### Exercise aim
Could the data below be printed out exactly, with the pictures left out?

### Raw data
• • • • •
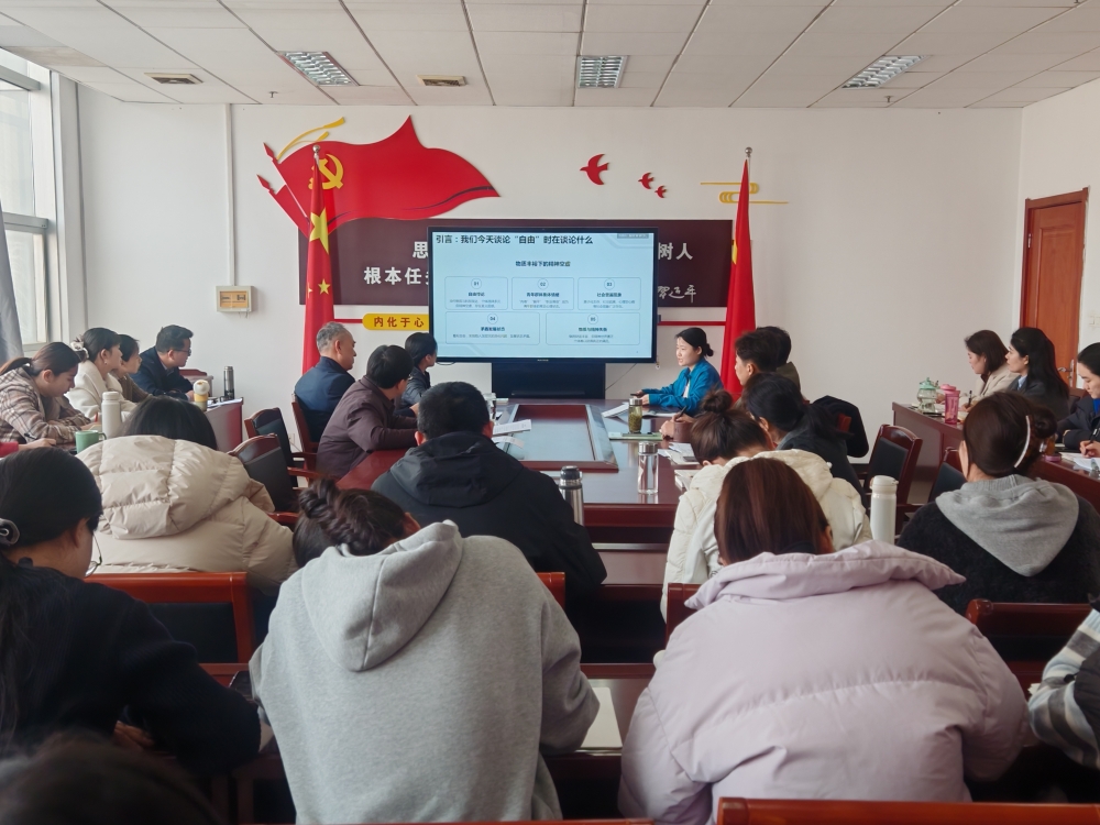 马克思主义学院教师郭启萌立足当代社会发展语境,以《1844年经济学哲学手稿》为基础,系统梳理了“异化劳动”的理论内涵及逻辑规律,通过剖析消费主义异化、数字异化、心理异化等新型异化形态的表现与成因,阐释了马克思“异化劳动”理论与中国特色社会主义“美好生活”理念的内在契合性,论证了“美好生活”的核心要义是人的自由全面发展。郭启萌结合思政教育的时代要求,从制度建构、文化引领、实践路径三个维度,指出了当代社会克服“劳动异化”的具体举措,为新时代推进人的自由全面发展、实现人民对美好生活的向往提供了理论参考,为老师们奉上了一堂精彩讲座。李燕、刘青两位教师结合宣讲内容和思政教学实际分别作了主题发言。
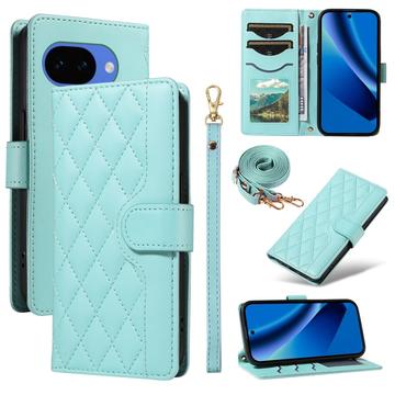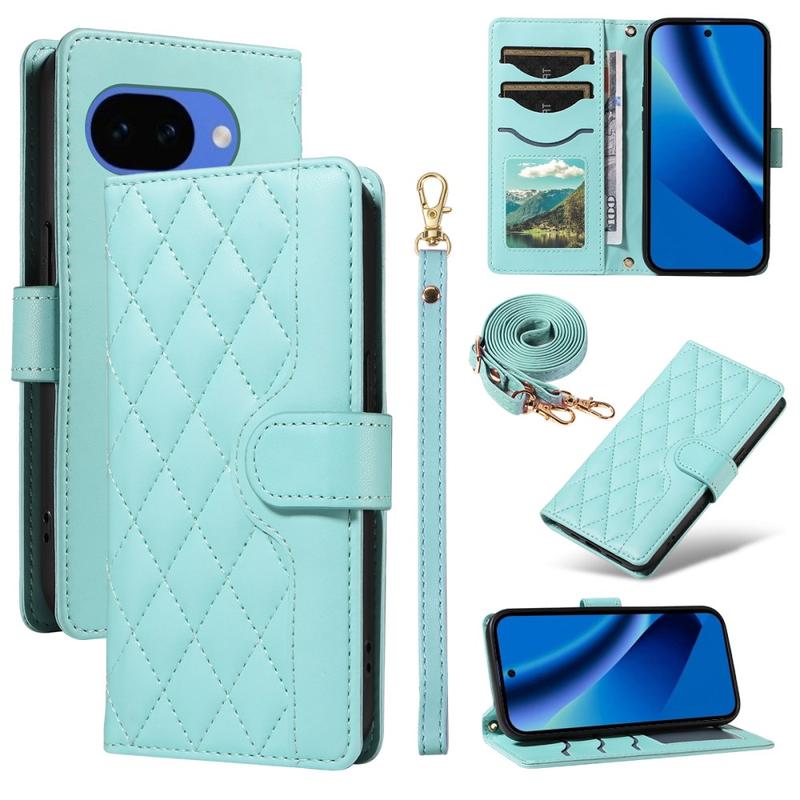 Luxury Quilted Wallet Case with Shoulder & Wrist Strap for Google Pixel 10a - Rhombus Pattern Protective Cover
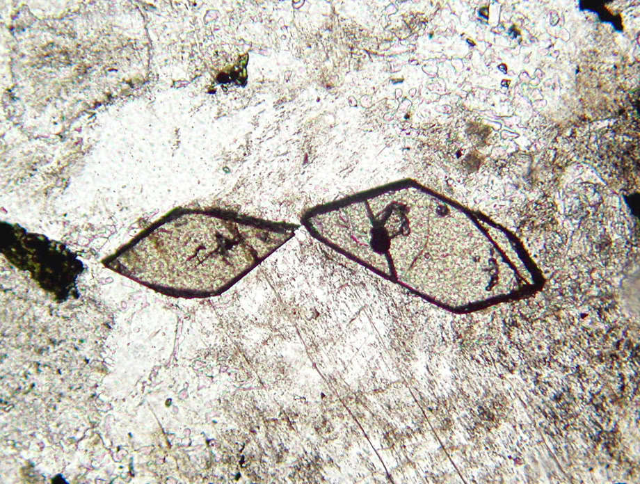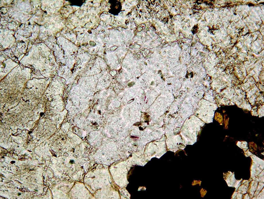 Pleocroísmo de relieve. En la calcita del ejemplo el relieve varía desde un relieve medio negativo a un relieve alto positivo, lo que de aprecia al girar la muestra en el microscopio. Es característico de los carbonatos. Luz polarizada plana.
• • • • •
### Solution for this exercise
 马克思主义学院教师郭启萌立足当代社会发展语境,以《1844年经济学哲学手稿》为基础,系统梳理了“异化劳动”的理论内涵及逻辑规律,通过剖析消费主义异化、数字异化、心理异化等新型异化形态的表现与成因,阐释了马克思“异化劳动”理论与中国特色社会主义“美好生活”理念的内在契合性,论证了“美好生活”的核心要义是人的自由全面发展。郭启萌结合思政教育的时代要求,从制度建构、文化引领、实践路径三个维度,指出了当代社会克服“劳动异化”的具体举措,为新时代推进人的自由全面发展、实现人民对美好生活的向往提供了理论参考,为老师们奉上了一堂精彩讲座。李燕、刘青两位教师结合宣讲内容和思政教学实际分别作了主题发言。
 Luxury Quilted Wallet Case with Shoulder & Wrist Strap for Google Pixel 10a - Rhombus Pattern Protective Cover
 Pleocroísmo de relieve. En la calcita del ejemplo el relieve varía desde un relieve medio negativo a un relieve alto positivo, lo que de aprecia al girar la muestra en el microscopio. Es característico de los carbonatos. Luz polarizada plana.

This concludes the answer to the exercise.